*** Input data Section Begins ***

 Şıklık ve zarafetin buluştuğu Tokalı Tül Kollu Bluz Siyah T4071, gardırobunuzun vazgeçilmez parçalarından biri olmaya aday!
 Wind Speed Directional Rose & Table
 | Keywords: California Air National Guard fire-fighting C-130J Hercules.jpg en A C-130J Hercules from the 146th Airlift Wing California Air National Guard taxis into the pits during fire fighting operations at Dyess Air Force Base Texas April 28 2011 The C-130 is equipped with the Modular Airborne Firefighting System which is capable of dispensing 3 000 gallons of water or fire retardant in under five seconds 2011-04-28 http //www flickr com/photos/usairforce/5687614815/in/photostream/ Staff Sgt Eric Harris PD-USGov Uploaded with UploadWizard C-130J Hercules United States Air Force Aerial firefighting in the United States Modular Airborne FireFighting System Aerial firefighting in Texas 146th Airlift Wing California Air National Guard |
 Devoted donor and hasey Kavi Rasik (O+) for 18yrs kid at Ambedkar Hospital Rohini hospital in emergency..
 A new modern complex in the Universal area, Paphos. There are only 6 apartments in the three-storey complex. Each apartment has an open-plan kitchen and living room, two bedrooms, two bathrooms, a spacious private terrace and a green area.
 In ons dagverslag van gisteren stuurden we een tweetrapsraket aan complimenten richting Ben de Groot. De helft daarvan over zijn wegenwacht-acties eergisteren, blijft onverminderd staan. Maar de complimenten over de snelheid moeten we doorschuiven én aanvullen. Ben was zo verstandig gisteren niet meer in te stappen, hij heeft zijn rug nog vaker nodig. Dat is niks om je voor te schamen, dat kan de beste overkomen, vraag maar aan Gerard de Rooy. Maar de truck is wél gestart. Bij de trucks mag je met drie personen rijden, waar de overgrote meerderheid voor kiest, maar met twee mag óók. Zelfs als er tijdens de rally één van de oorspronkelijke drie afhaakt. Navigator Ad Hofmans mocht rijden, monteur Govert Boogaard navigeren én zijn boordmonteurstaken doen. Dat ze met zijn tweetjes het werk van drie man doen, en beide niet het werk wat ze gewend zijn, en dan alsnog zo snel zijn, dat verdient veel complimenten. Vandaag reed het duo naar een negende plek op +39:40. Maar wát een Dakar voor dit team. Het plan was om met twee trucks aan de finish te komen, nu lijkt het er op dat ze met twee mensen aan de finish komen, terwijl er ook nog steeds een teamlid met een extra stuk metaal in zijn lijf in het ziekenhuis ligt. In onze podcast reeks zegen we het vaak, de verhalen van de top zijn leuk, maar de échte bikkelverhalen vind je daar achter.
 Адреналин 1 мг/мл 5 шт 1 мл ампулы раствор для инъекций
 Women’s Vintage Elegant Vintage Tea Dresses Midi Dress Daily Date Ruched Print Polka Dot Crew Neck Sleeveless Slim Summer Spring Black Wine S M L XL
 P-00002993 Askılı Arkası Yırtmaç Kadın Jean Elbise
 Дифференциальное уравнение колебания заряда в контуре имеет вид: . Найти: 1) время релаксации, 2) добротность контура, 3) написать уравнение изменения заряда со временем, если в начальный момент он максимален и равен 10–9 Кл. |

*** Input data Section Ends ***
*** Input data Section Begins ***

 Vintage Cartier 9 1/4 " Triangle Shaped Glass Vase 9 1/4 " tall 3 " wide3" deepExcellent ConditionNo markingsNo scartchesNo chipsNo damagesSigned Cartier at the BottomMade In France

*** Input data Section Ends ***
*** Input data Section Begins ***

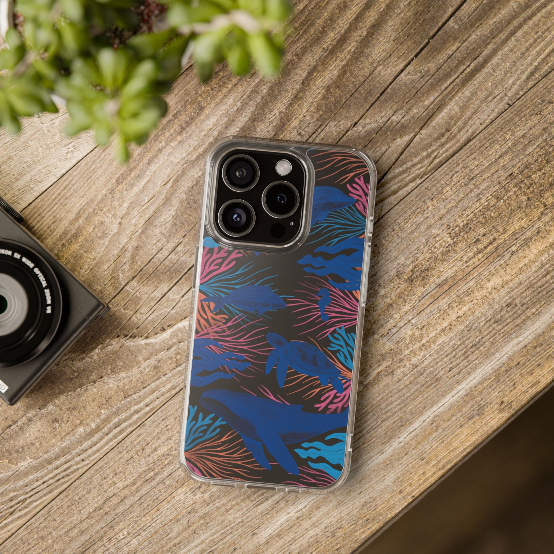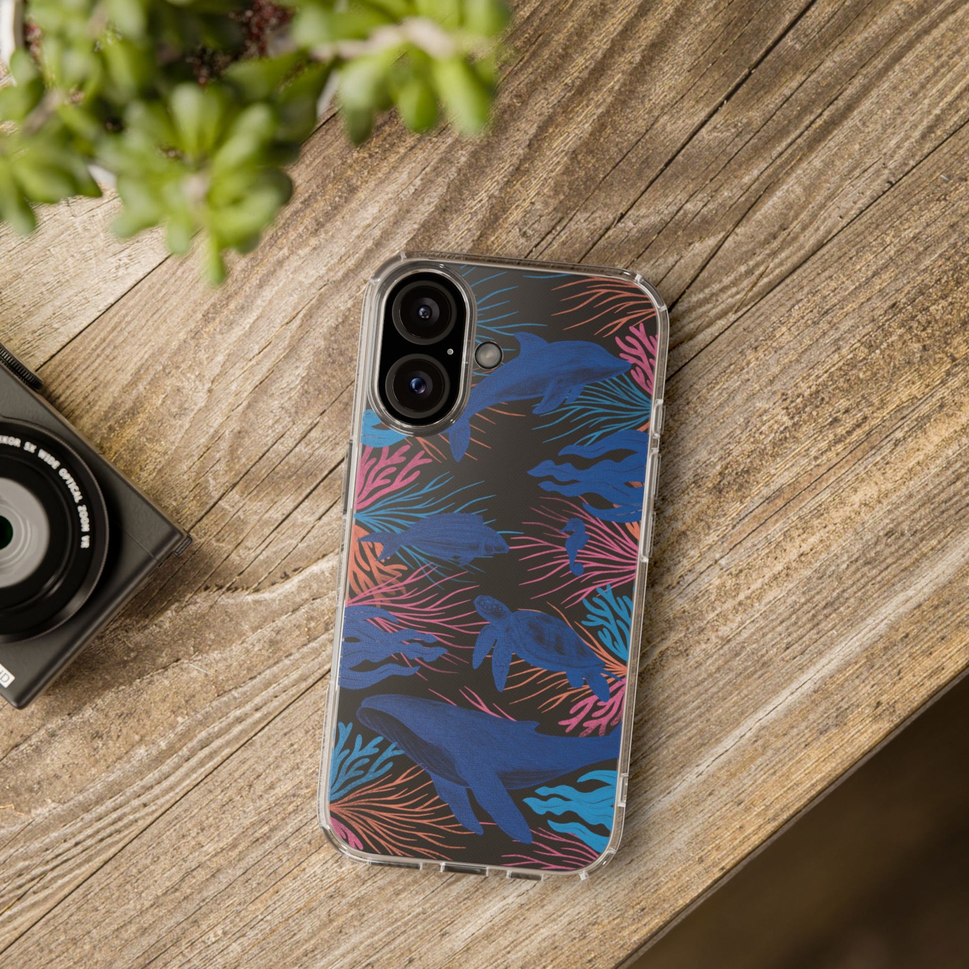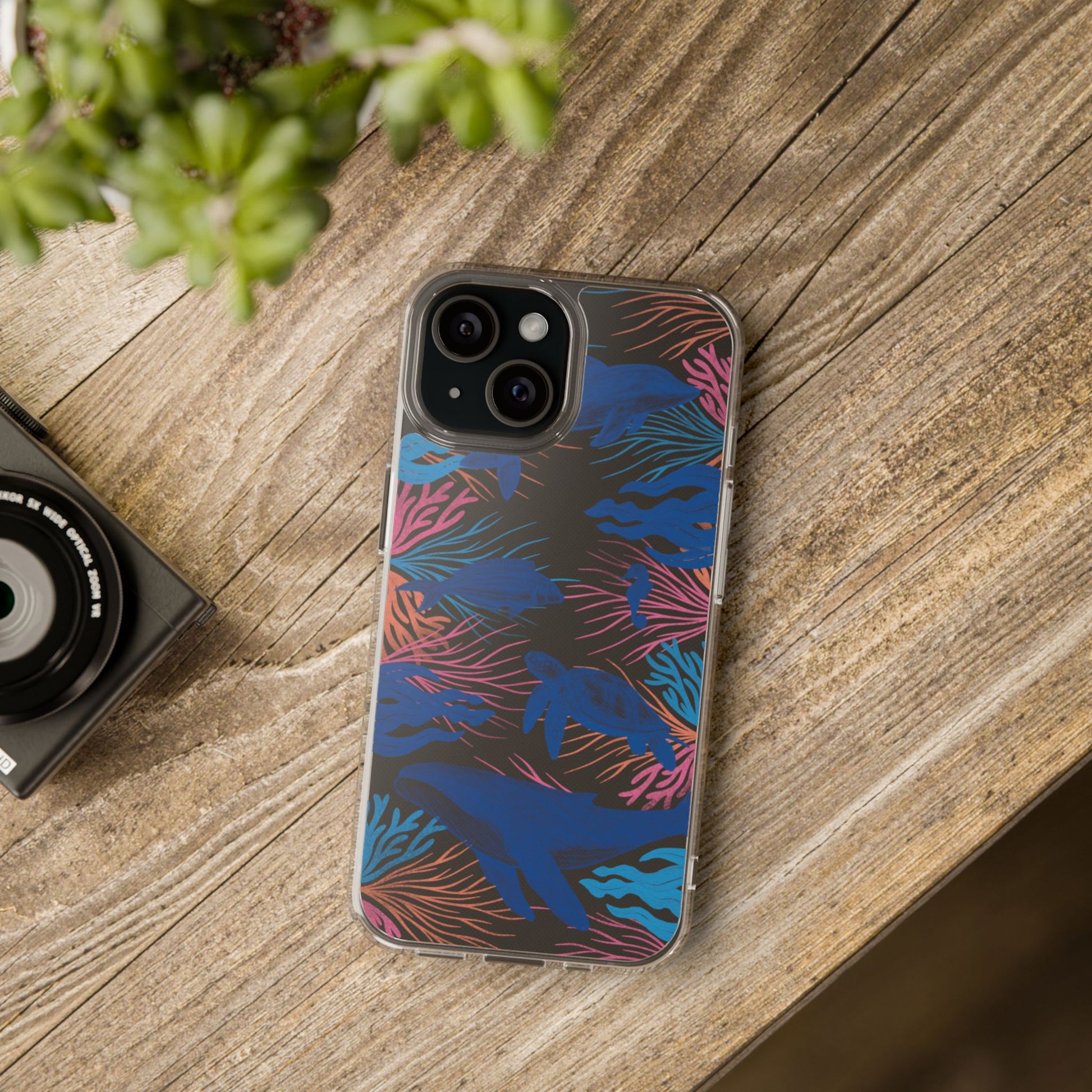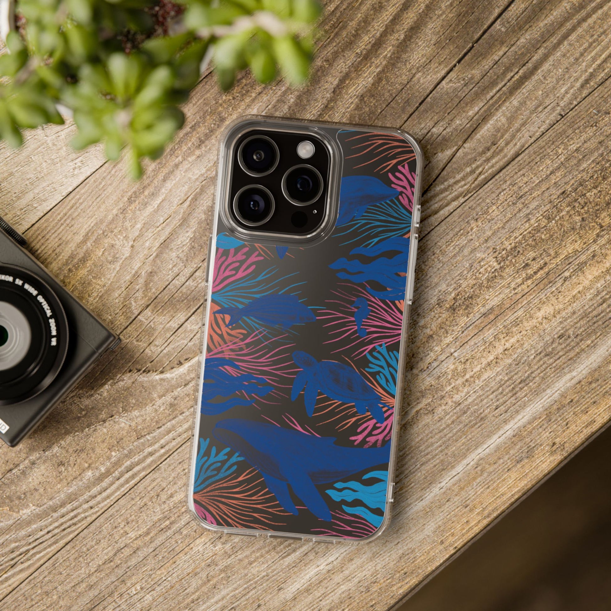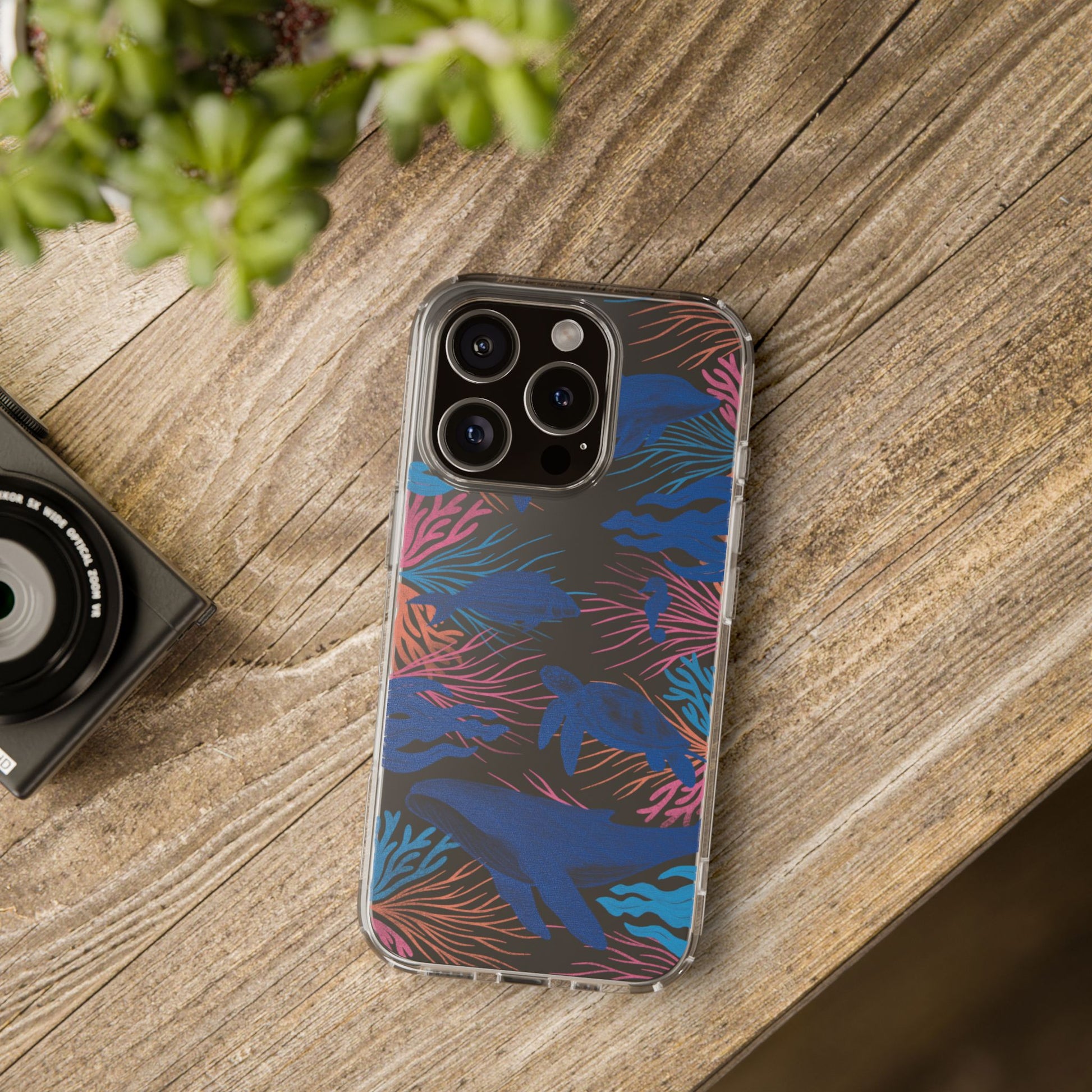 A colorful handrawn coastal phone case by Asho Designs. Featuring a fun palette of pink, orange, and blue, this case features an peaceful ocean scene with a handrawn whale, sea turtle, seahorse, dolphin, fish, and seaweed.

*** Input data Section Ends ***

> What the task requires: From the records above, print exactly the lines that run from the line with "National Guard |" to the line with "A new modern", inclusive.

> Task response:
 | Keywords: California Air National Guard fire-fighting C-130J Hercules.jpg en A C-130J Hercules from the 146th Airlift Wing California Air National Guard taxis into the pits during fire fighting operations at Dyess Air Force Base Texas April 28 2011 The C-130 is equipped with the Modular Airborne Firefighting System which is capable of dispensing 3 000 gallons of water or fire retardant in under five seconds 2011-04-28 http //www flickr com/photos/usairforce/5687614815/in/photostream/ Staff Sgt Eric Harris PD-USGov Uploaded with UploadWizard C-130J Hercules United States Air Force Aerial firefighting in the United States Modular Airborne FireFighting System Aerial firefighting in Texas 146th Airlift Wing California Air National Guard |
 Devoted donor and hasey Kavi Rasik (O+) for 18yrs kid at Ambedkar Hospital Rohini hospital in emergency..
 A new modern complex in the Universal area, Paphos. There are only 6 apartments in the three-storey complex. Each apartment has an open-plan kitchen and living room, two bedrooms, two bathrooms, a spacious private terrace and a green area.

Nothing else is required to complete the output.